- [WHAT TO WORK ON]:
Could you copy the data that follows exactly as written, but drop the pictures?

(Excerpts from a dataset)
◇ ◇ ◇ ◇ ◇ ◇ ◇
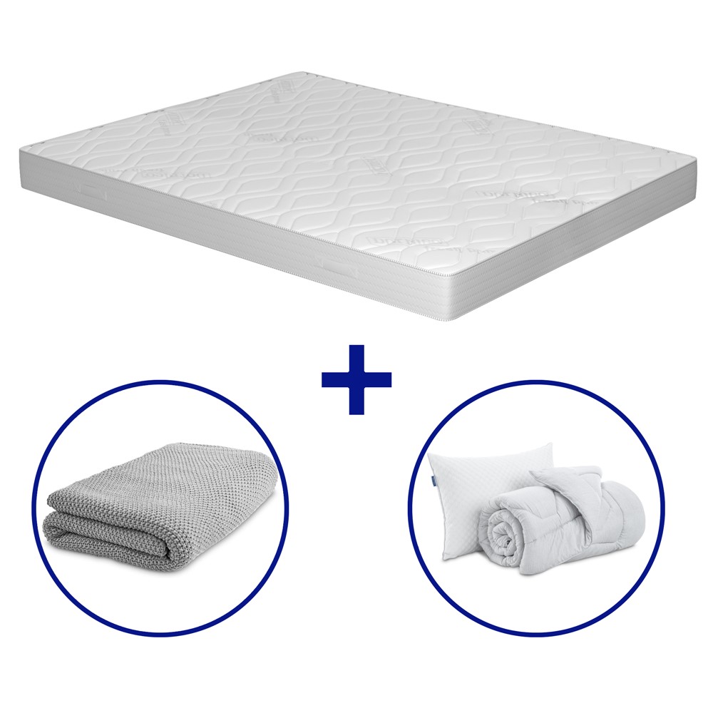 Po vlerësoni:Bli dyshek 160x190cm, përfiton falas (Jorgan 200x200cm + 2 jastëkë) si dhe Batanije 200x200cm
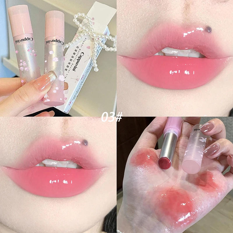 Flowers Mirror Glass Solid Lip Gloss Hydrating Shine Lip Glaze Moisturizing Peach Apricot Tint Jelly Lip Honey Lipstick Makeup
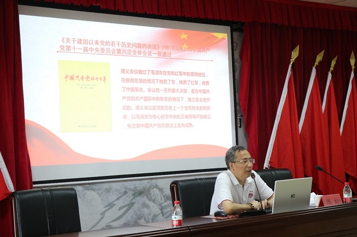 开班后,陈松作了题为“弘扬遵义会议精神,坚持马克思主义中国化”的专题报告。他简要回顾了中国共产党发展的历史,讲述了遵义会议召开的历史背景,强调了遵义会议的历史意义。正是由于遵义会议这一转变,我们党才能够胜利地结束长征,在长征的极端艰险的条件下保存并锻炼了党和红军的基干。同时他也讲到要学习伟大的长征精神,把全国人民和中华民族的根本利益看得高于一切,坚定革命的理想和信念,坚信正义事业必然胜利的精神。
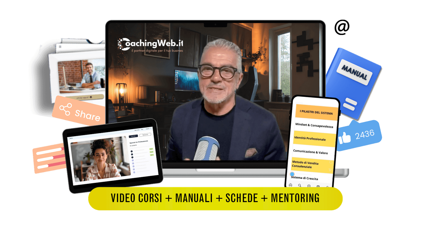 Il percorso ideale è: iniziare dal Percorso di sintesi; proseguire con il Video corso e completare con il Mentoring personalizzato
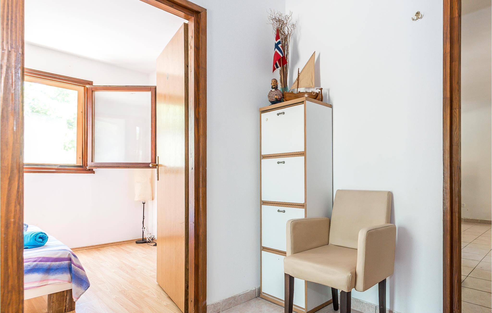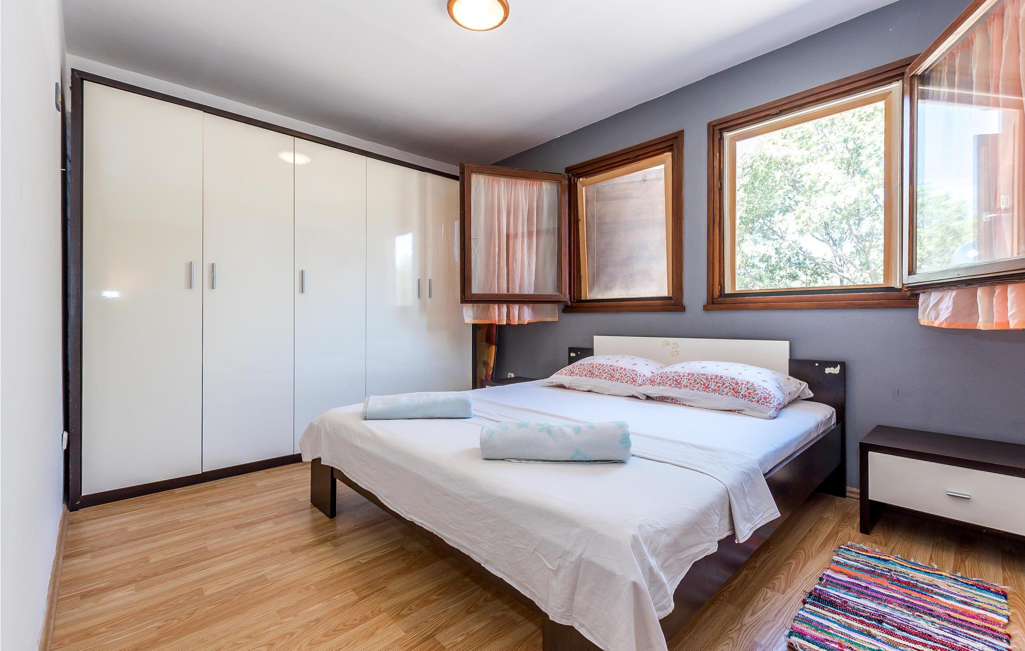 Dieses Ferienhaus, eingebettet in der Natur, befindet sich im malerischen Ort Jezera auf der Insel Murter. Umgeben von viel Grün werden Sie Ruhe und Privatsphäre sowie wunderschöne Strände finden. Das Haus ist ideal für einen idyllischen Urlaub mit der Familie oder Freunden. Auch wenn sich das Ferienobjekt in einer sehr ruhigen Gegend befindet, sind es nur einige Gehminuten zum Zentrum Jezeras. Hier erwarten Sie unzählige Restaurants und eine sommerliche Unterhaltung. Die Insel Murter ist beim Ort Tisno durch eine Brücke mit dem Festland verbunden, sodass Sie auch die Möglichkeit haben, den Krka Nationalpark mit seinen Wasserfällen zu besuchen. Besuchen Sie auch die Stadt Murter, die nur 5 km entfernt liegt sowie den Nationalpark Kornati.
◇ ◇ ◇ ◇ ◇ ◇ ◇
- [TASK OUTPUT]:
 Po vlerësoni:Bli dyshek 160x190cm, përfiton falas (Jorgan 200x200cm + 2 jastëkë) si dhe Batanije 200x200cm
 Flowers Mirror Glass Solid Lip Gloss Hydrating Shine Lip Glaze Moisturizing Peach Apricot Tint Jelly Lip Honey Lipstick Makeup
 开班后,陈松作了题为“弘扬遵义会议精神,坚持马克思主义中国化”的专题报告。他简要回顾了中国共产党发展的历史,讲述了遵义会议召开的历史背景,强调了遵义会议的历史意义。正是由于遵义会议这一转变,我们党才能够胜利地结束长征,在长征的极端艰险的条件下保存并锻炼了党和红军的基干。同时他也讲到要学习伟大的长征精神,把全国人民和中华民族的根本利益看得高于一切,坚定革命的理想和信念,坚信正义事业必然胜利的精神。
 Il percorso ideale è: iniziare dal Percorso di sintesi; proseguire con il Video corso e completare con il Mentoring personalizzato
 Dieses Ferienhaus, eingebettet in der Natur, befindet sich im malerischen Ort Jezera auf der Insel Murter. Umgeben von viel Grün werden Sie Ruhe und Privatsphäre sowie wunderschöne Strände finden. Das Haus ist ideal für einen idyllischen Urlaub mit der Familie oder Freunden. Auch wenn sich das Ferienobjekt in einer sehr ruhigen Gegend befindet, sind es nur einige Gehminuten zum Zentrum Jezeras. Hier erwarten Sie unzählige Restaurants und eine sommerliche Unterhaltung. Die Insel Murter ist beim Ort Tisno durch eine Brücke mit dem Festland verbunden, sodass Sie auch die Möglichkeit haben, den Krka Nationalpark mit seinen Wasserfällen zu besuchen. Besuchen Sie auch die Stadt Murter, die nur 5 km entfernt liegt sowie den Nationalpark Kornati.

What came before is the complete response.